In a computer in 1960, your compiler would be capped to the physical memory available. That would be the RAM use. The garbage collector would have to be called whenever the memory is exhausted, or else the show would stop. A successful compilation would demonstrate that the compiler needed no more memory than what the machine has. The closer its actual usage would be to the available memory, the longer it would take, due to the frequent garbage collections required to stay afloat.
I'd say that given people's expectations today, shaped by experiences with everyday software, they likely greatly overestimate how much RAM you need for Lisp compiling.
Appendix: the VM footprint number doesn't really give us a breakdown since it includes executable and shared libs mappings. I ran the second compile again with the memory-optimized build, and this time captured a pmap.

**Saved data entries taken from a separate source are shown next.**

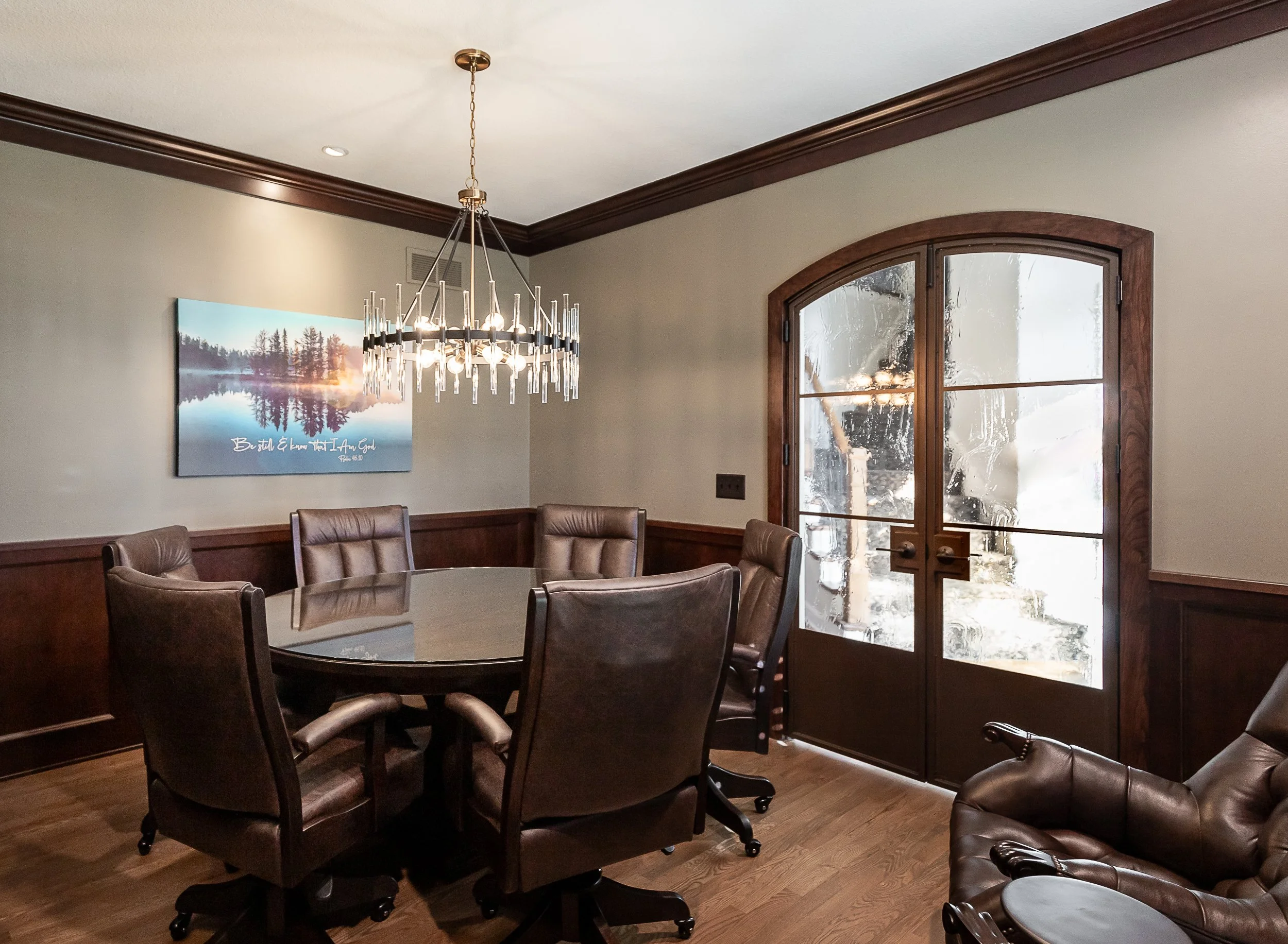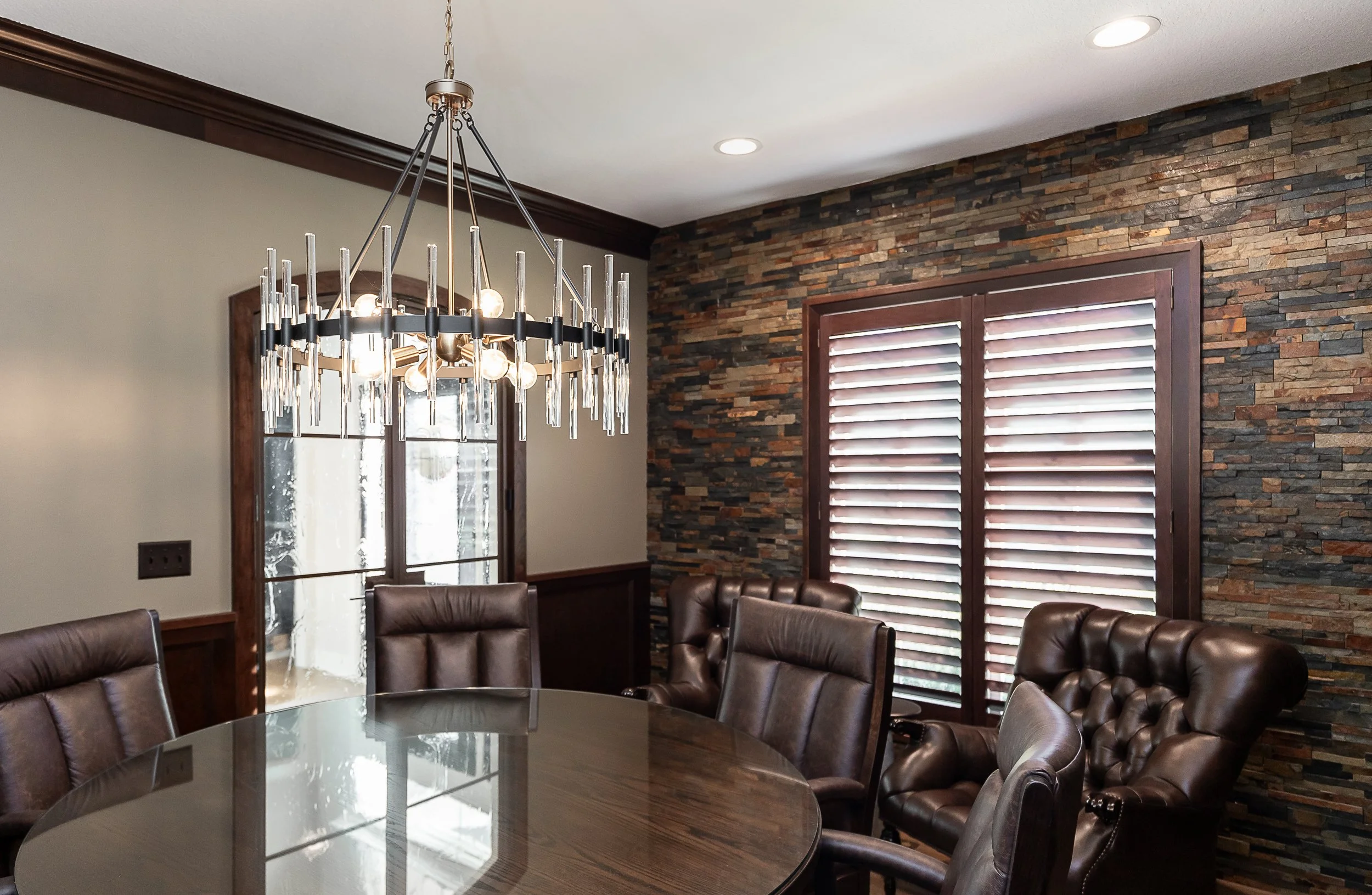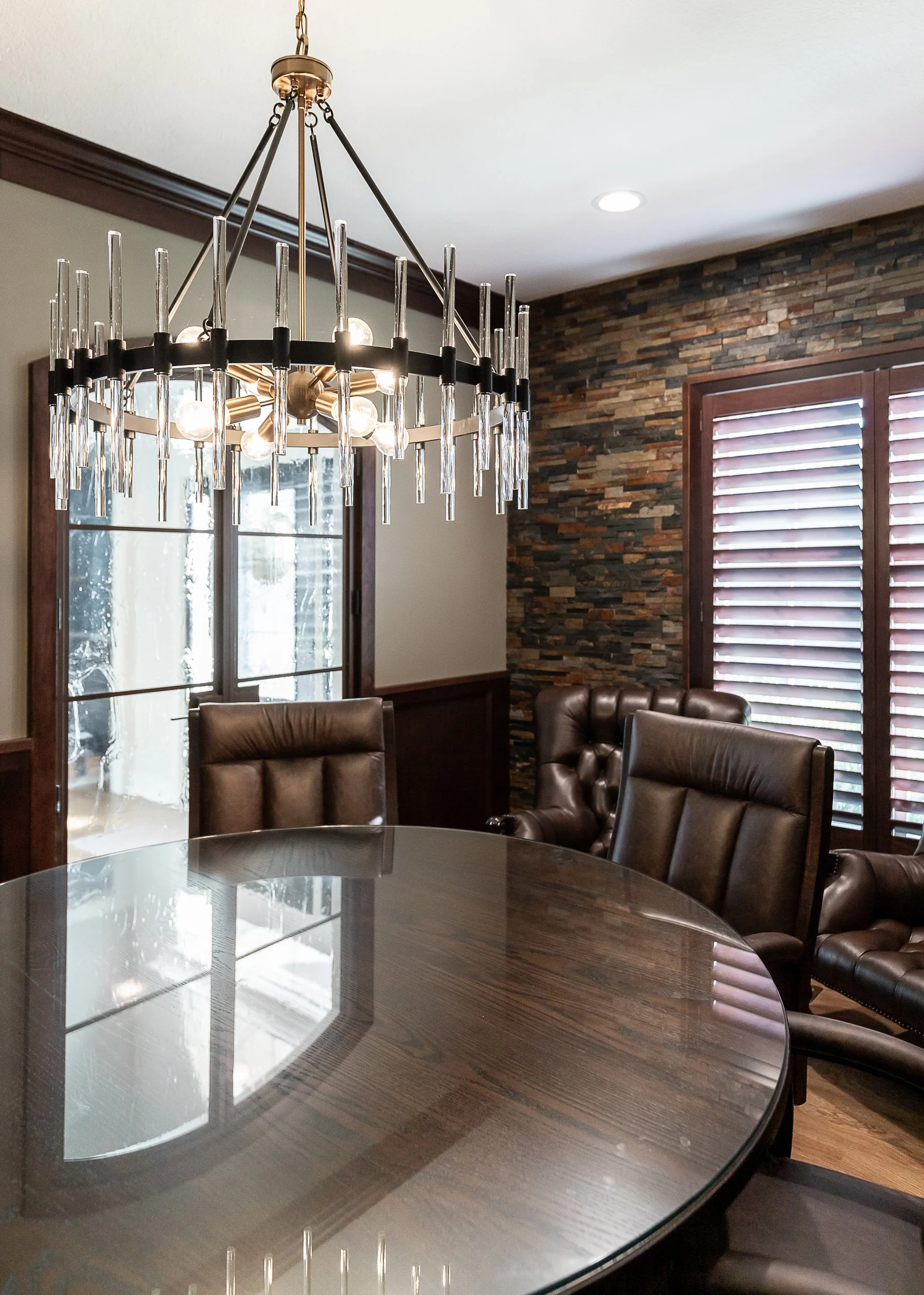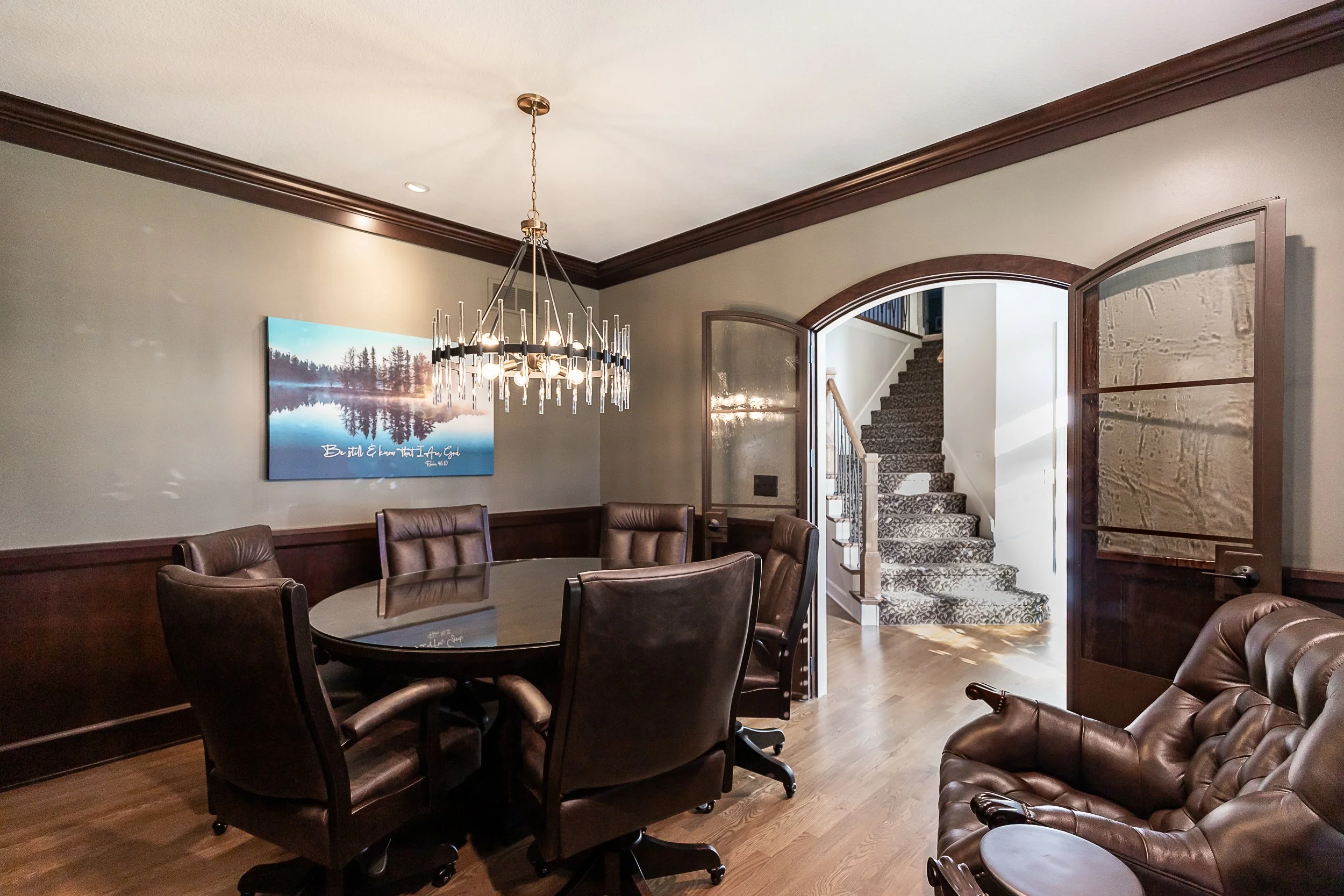 Step into the ultimate retreat for savoring fine spirits and great company. Whether you're unwinding solo, sharing deep conversations, or locked in a competitive card game, this space sets the perfect tone. Rich cherry wood wainscoting, illuminated display cabinets, and a dramatic stack-stone accent wall create a warm, inviting atmosphere. The wood flooring and sleek quartz countertop with matching backsplash complete the look—moody, masculine, and ready for memorable nights.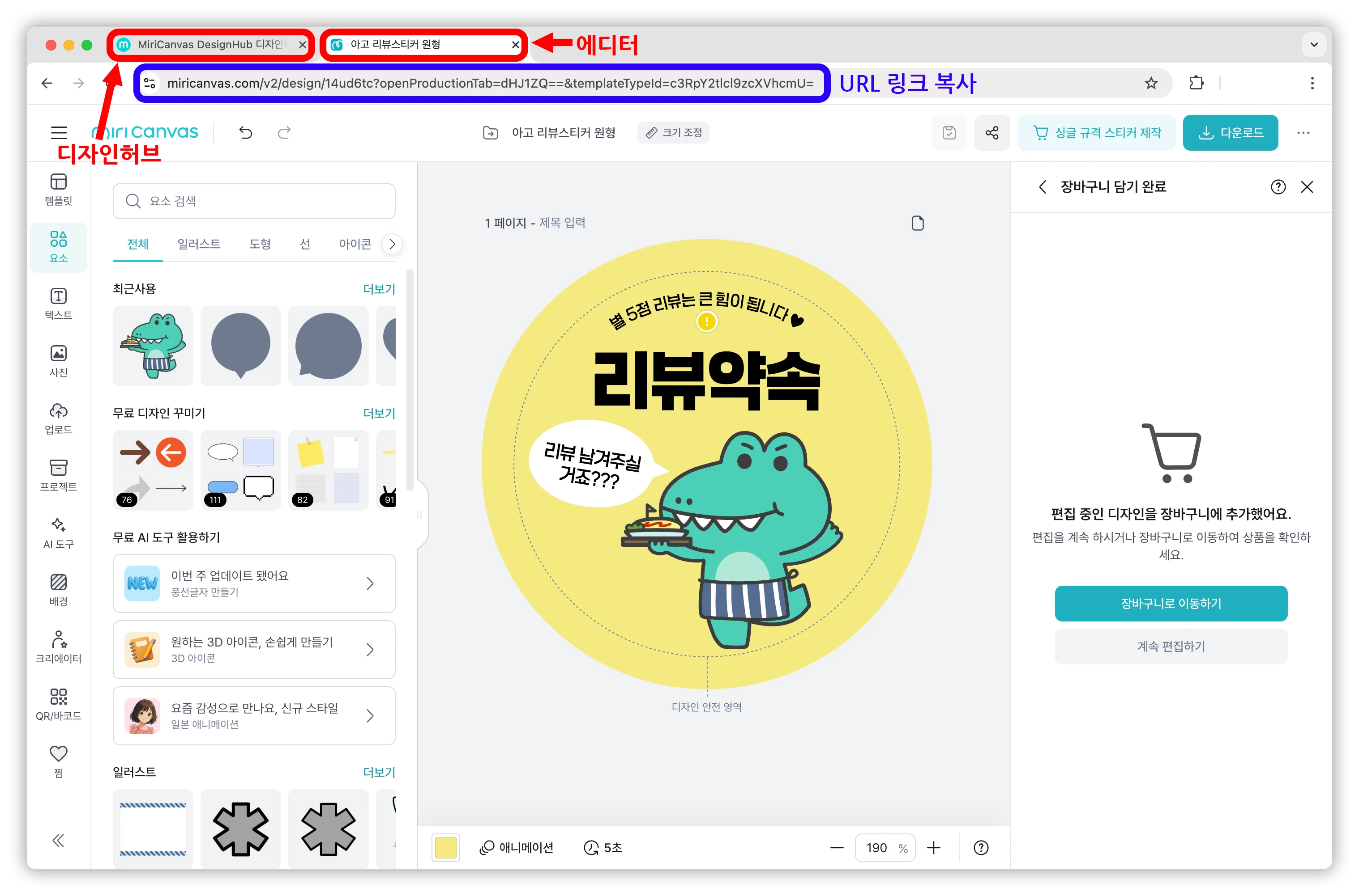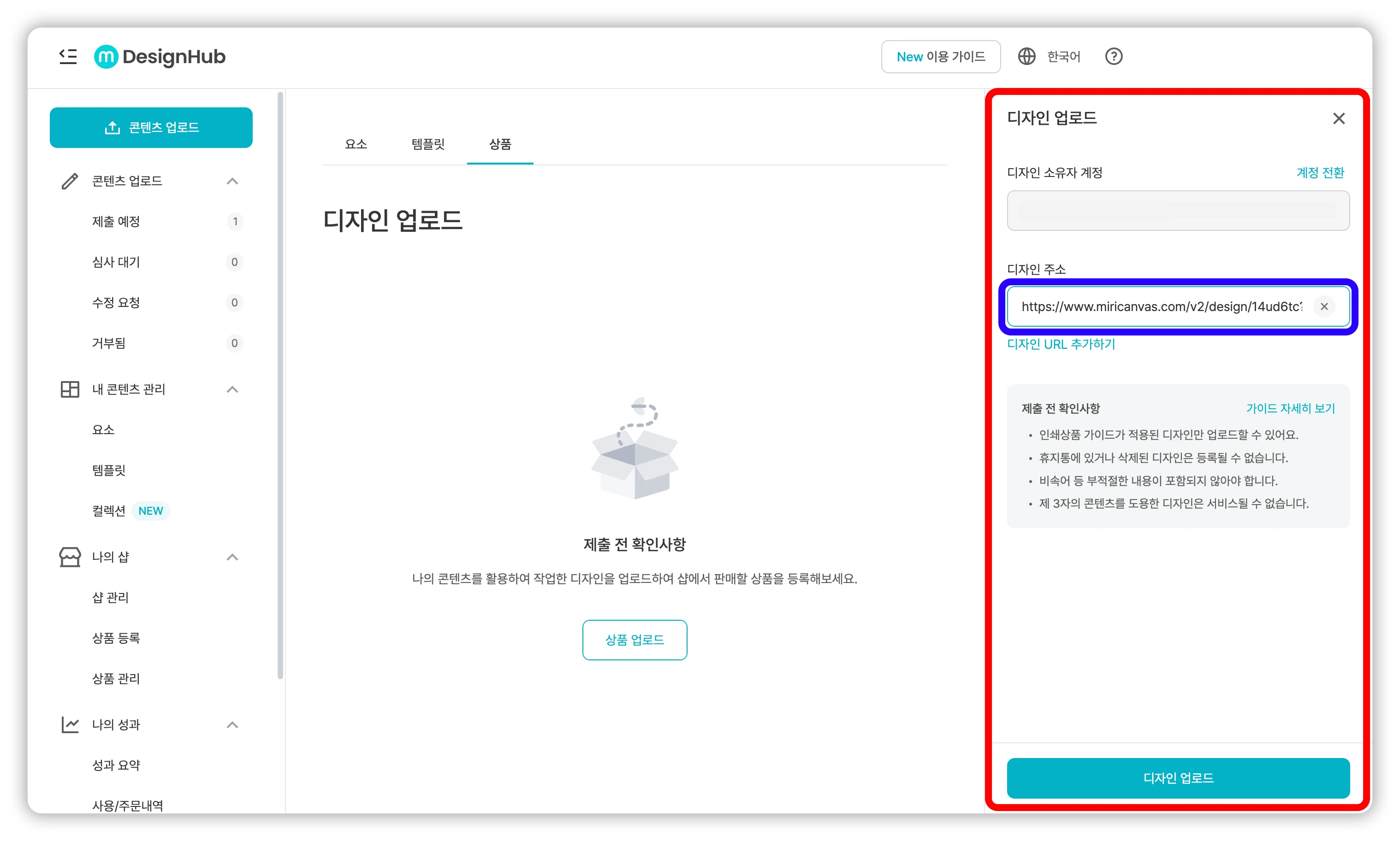 디자인허브로 돌아가서 디자인 업로드하기 (URL 붙여넣기)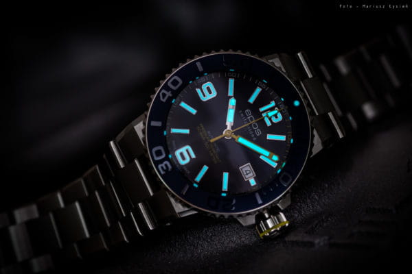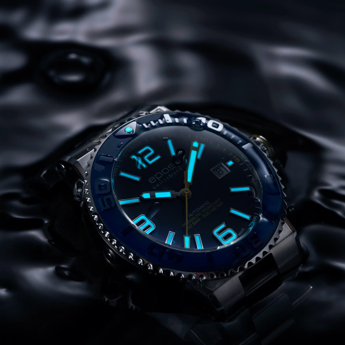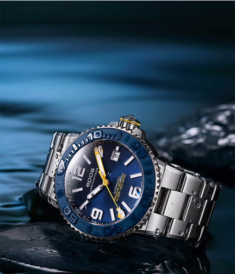Мужские механические часы с автоподзаводом Epos из коллекции Diver — это профессиональный дайверский инструмент с швейцарским качеством. Корпус диаметром 43 мм и толщиной 14 мм выполнен из нержавеющей стали 316L с PVD-покрытиемPVDУльтратонкое покрытие наносится в технике вакуумного напыления, сочетает в себе нитрид титана особой прочности со слоем золота или оксида хрома. Несёт в себе декоративную или защитную функцию.. Циферблат синего цвета с пескоструйной обработкой оформлен аппликациями часовых индексов и крупными цифрами с покрытием. Циферблат защищён сапфировым стекломСапфировое стеклоПрочный и надёжный материал из кристалла сапфира синтетического происхождения, характеризующийся особой твёрдостью и устойчивостью к царапинам и повреждениям.. Стрелки и метки с люминесцентным покрытиемЛюминесцентное покрытиеПозволяет считывать показания времени в темноте. Производители наносят на стрелки, часовые индексы, безель или поверхность циферблата светонакопительный состав, дающий холодное свечение. Super-Luminova, обеспечивающим отличную читаемость в темноте. Механизм — швейцарский калибр ETA 2824. Окошко даты расположено в положении 3 часов. БезельБезельВнешний ободок, закрепляющий стекло. В спортивных часах так называется поворотное кольцо с делениями на циферблате, выполняет роль таймера – замеряет отрезки времени на шкале. Неподвижный безель – элемент декора. Однонаправленно вращающийся безель на дайверских часах позволяет фиксировать моменты погружения и выныривания на поверхность. — однонаправленный вращающийся, с синей керамической накладкой и рельефной шкалой погружений. Завинчивающаяся коронка и задняя крышка обеспечивают повышенную защиту. Часы оснащены стальным браслетом с литыми звеньями в 3 ряда и раскладной застёжкойРаскладная застёжкаТакой тип застёжки используется только на браслетах из металла. Она никогда не раскрывается полностью, происходит разделение на 2 и более частей. Раскладывающая застёжка снизит вероятность потери часов к минимуму. с двойной блокировкой и дополнительным фиксатором. Автоматический гелиевый клапан позволяет использовать часы при профессиональном дайвинге. Водонепроницаемость 500 м соответствует требованиям для глубоководных погружений. Гарантия — 24 месяца. Идеальный выбор для тех, кто ценит надёжность, точность и экстремальные испытания.

Here you can also see the full command, confirming the compile job:
You can see the 11700K fairly closely matches the earlier VIRT figure of 11964.
Anyway, look at the [ anon ] heap area: it's like 6-something megs. That's it. That's where all the dynamic Lisp stuff is. All the predefined symbols and function bindings and whatnot, and all the objects allocated during the compile job.
libz is new; I integrated libz into TXR in just the most recent release. It happens to be number 277, so I code named it (L)Z77.
I wonder if a Lisp-like language which used vectors rather than pairs as its fundamental data structure might be a better fit for severely memory-constrained systems? On average, vectors take up half the memory consumption of lists.
Such a language would end up looking rather different to Lisp though. Cons cells encourage CAR/CDR and recursion. A vector-centric language would naturally lead to a more iterative programming style.